→ **Required action**: After locating the line with "仲夏六月,骊歌唱响。6月25" in the entries below, output it and each following line up to and including the line with "一年一度系上的物理專題競賽來囉! 有興趣的同學歡迎踴躍參與~~ 優渥獎金等著你哦!", exactly and without pictures.

→ **Input for this task**:
- Opening Delimiter -

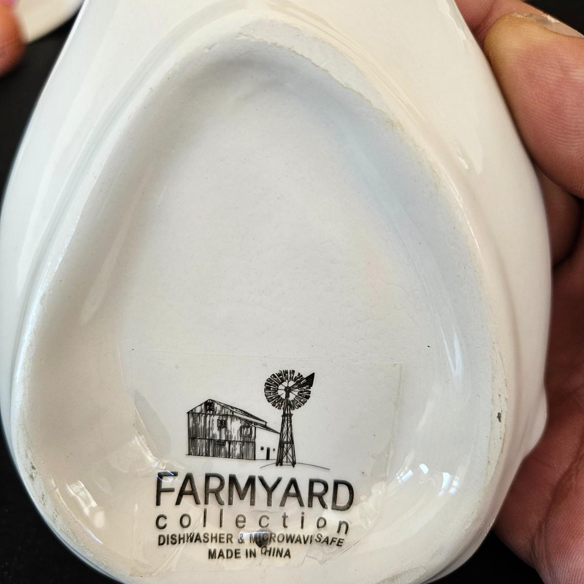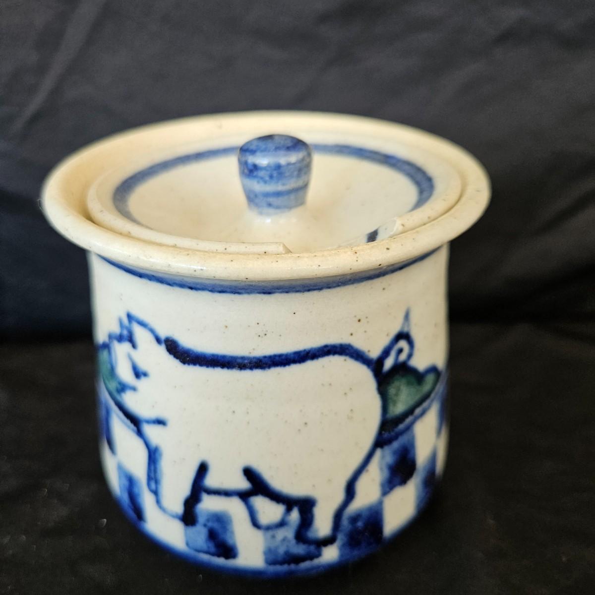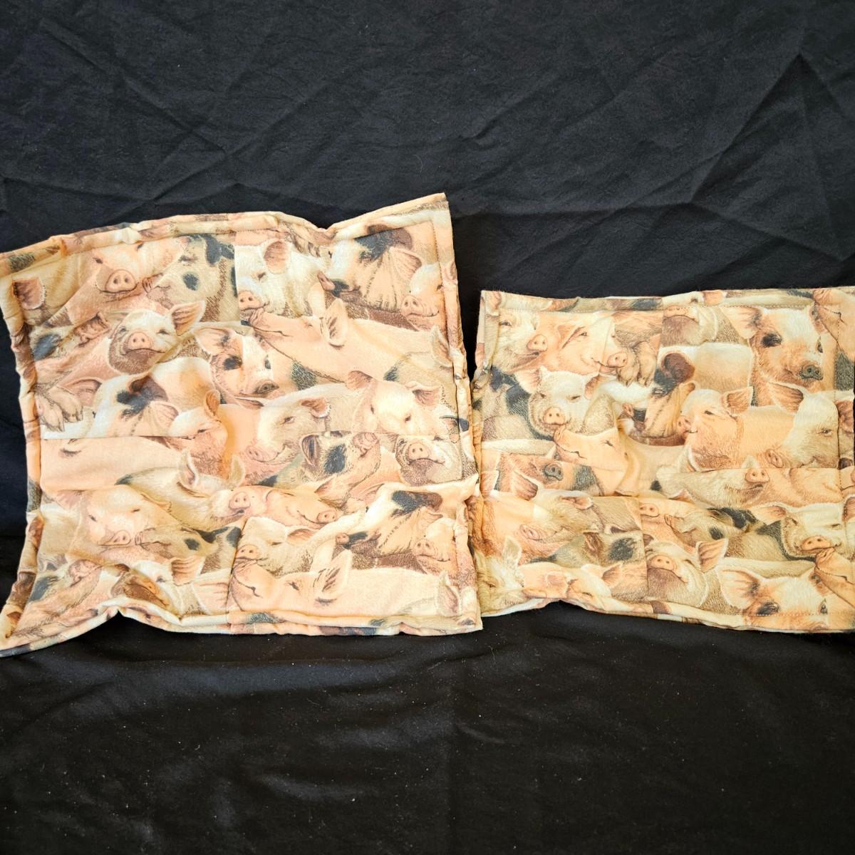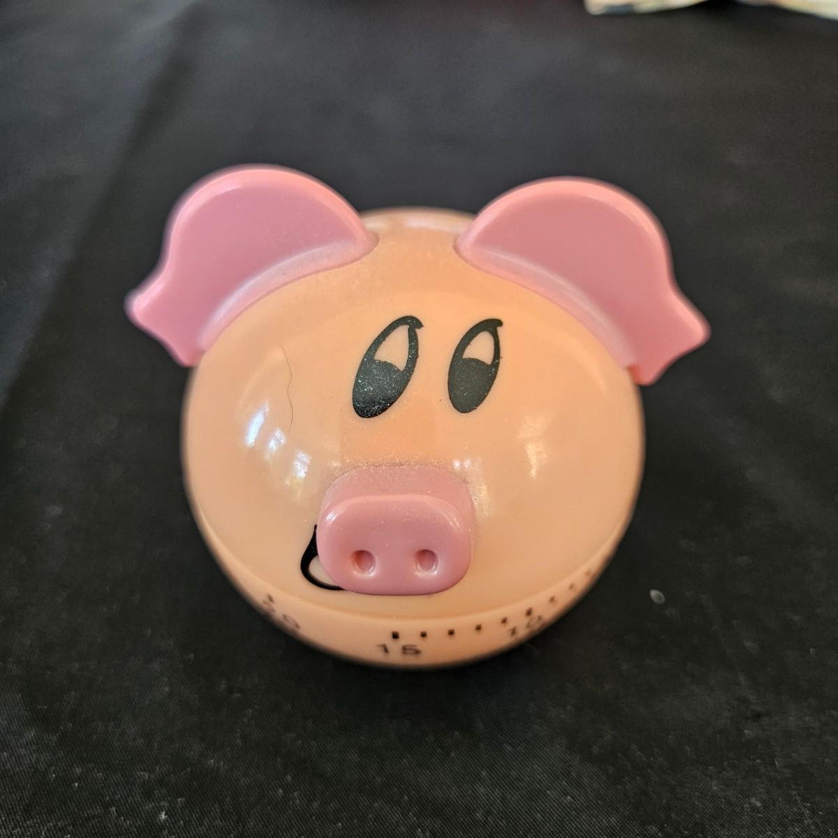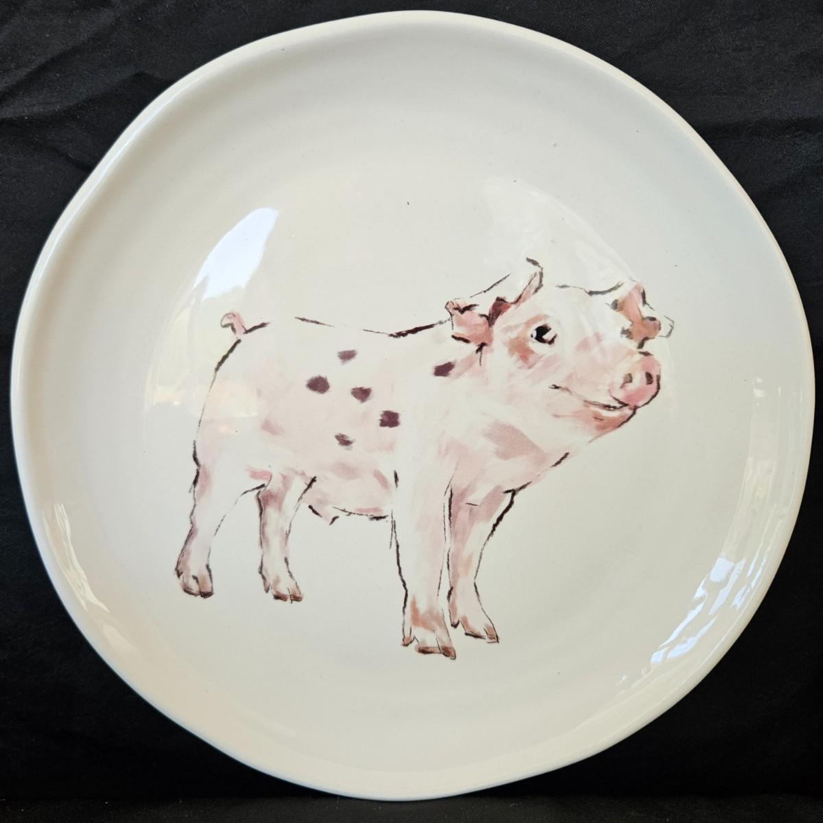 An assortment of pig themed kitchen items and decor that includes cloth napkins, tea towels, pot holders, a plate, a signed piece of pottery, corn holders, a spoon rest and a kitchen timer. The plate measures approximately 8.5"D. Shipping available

- Closing Delimiter -
- Opening Delimiter -

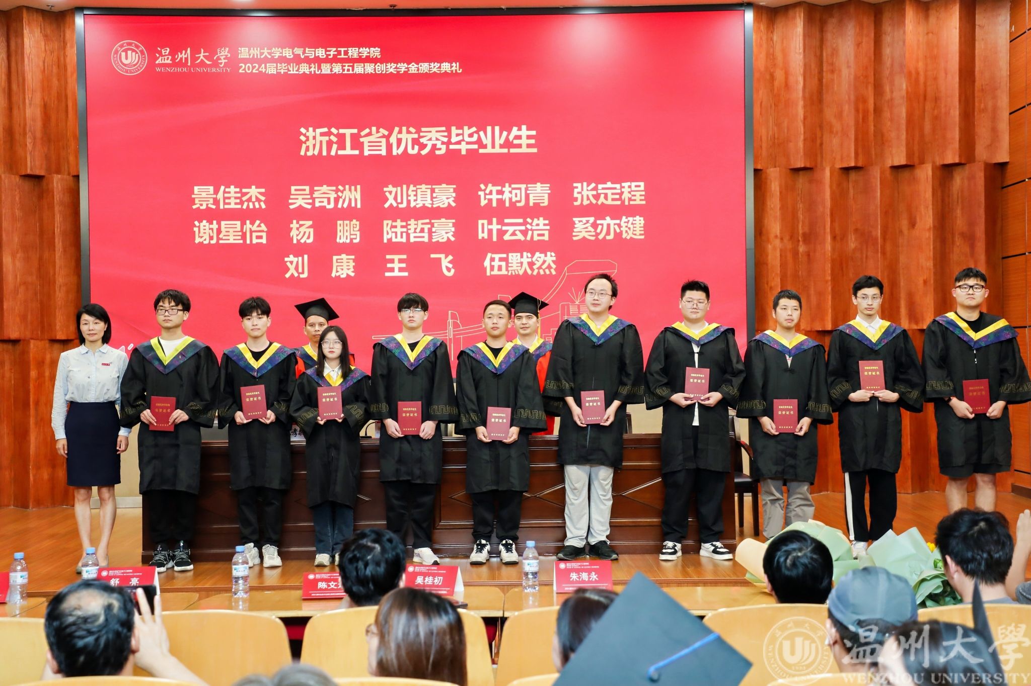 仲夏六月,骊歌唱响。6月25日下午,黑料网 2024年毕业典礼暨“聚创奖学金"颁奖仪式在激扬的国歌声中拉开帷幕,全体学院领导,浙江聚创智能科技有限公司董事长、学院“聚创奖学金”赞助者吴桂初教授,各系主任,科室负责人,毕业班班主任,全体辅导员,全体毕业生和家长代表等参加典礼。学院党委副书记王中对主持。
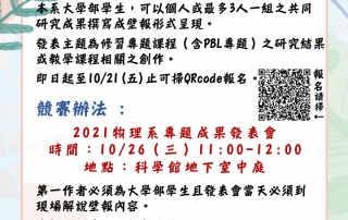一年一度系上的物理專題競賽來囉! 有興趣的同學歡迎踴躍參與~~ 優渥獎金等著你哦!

- Closing Delimiter -

→ **Task answer**:
 仲夏六月,骊歌唱响。6月25日下午,黑料网 2024年毕业典礼暨“聚创奖学金"颁奖仪式在激扬的国歌声中拉开帷幕,全体学院领导,浙江聚创智能科技有限公司董事长、学院“聚创奖学金”赞助者吴桂初教授,各系主任,科室负责人,毕业班班主任,全体辅导员,全体毕业生和家长代表等参加典礼。学院党委副书记王中对主持。
一年一度系上的物理專題競賽來囉! 有興趣的同學歡迎踴躍參與~~ 優渥獎金等著你哦!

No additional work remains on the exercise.